La reazione del segretario ha preso la forma di un deferimento di Scandola ai probiviri della Cisl del Veneto, in data 11 maggio 2015, ad opera di tutta la segreteria confederale.

Il primo motivo di deferimento è una questione di privacy: siccome la lettera di Scandola parla di “documentata conoscenza” di dati sensibili, di cui non si può aver conoscenza con “gli ordinari strumenti previsti dalla legge”, allora queste cose non si fanno. Il che è una maniera di spostare il discorso (e, fra le righe, di dire che chi si fa gli affari suoi, campa cent’anni).

Il secondo motivo parla di “tono minaccioso” della lettera alla Furlan, con offese alla “dignità, onorabilità ed integrità morale ed etica” della signora; e qui la lettera ce ne ricorda un’altra in cui si diffidava questo sito (senza averne alcuna ragione) dall’offendere il decoro e l’onorabilità della signora segretario e del signor commissario, per non incorrere nel reato di diffamazione.

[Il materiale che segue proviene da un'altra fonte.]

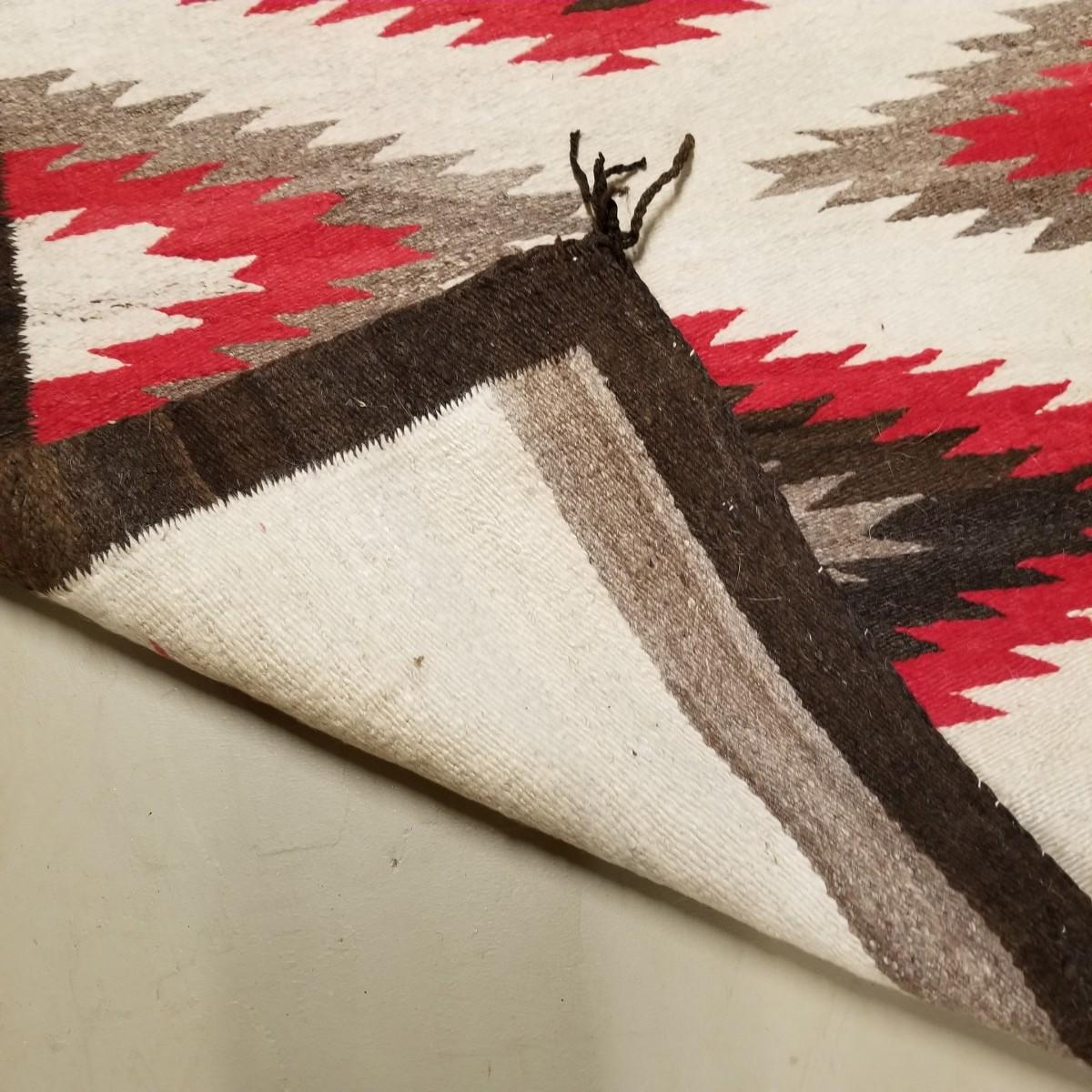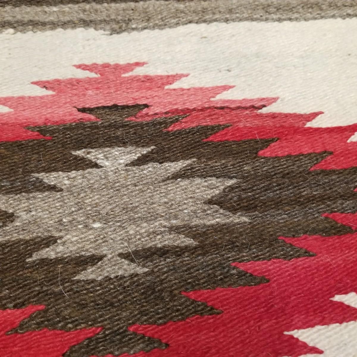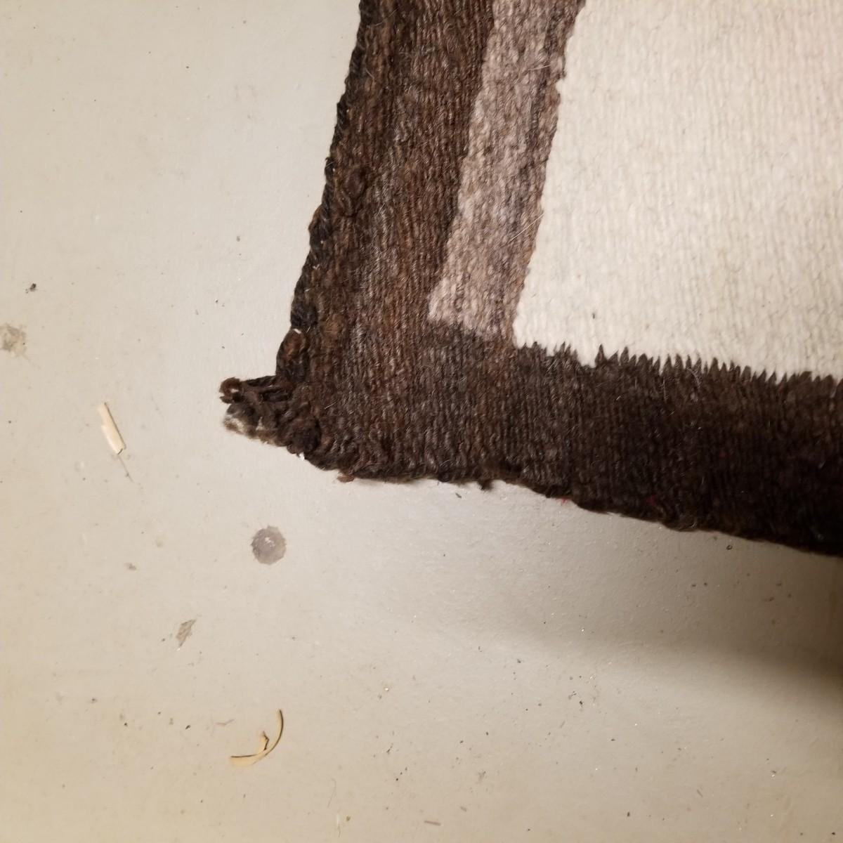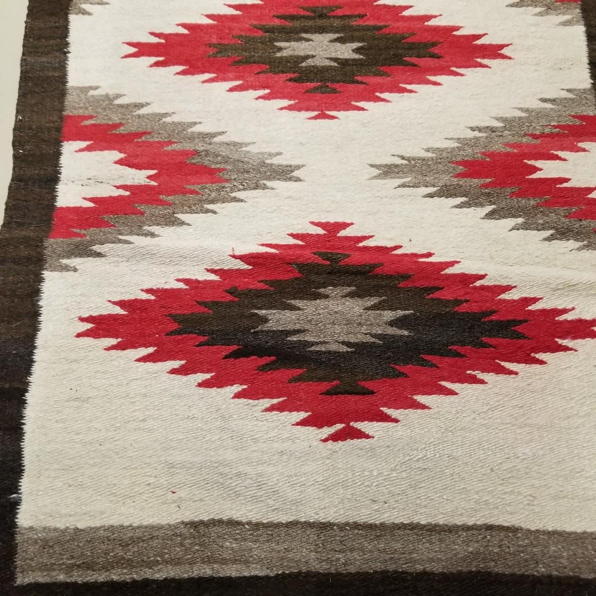 Rectangular rug with 2" brown border, measures 57.5" x 33.5. Has red, brown and tan geometric designs. Shows normal wear except for one corner, see photos. This textile has Navajo traits and appears to be hand woven. Local pickup only.

Un reato, si precisava a p. 2 citando la Cassazione, che talora può ricorrere anche “pur essendo veri i singoli fatti riferiti”. Come la si rigiri, l’invito è sempre quello a campare cent’anni facendosi gli affari propri.

Lo stesso invito emerge dal successivo motivo di deferimento, quando si cita l’articolo 6 dello statuto della Cisl nel passaggio in cui si afferma che il diritto di critica si esercita nei limiti previsti dallo statuto e in termini demoraticamente e civilmente corretti (e quindi è più prudente non esercitarlo?).

Ma la cosa risibile è l’accusa di aver “aggirato il civile metodo previsto dall’articolo 10 dello statuto”, cioè il ricorso ai probiviri. Come dire che quando c’è una questione che ha risvolti sia giuridici (la violazione delle regole) sia politici (la responsabilità dei dirigenti verso l’organizzazione che li ha espressi) è illecito porre il problema a livello politico! Un’affermazione assolutamente improbabile, il cui messaggio implicito è ancora una volta chiarissimo: i panni sporchi si lavano solo alla Cisl-Probiviri e non nelle sedi politiche. E perché mai? E soprattutto, perché Scandola viene chiamato a rispondere di tutto tranne che della veridicità delle sue affermazioni?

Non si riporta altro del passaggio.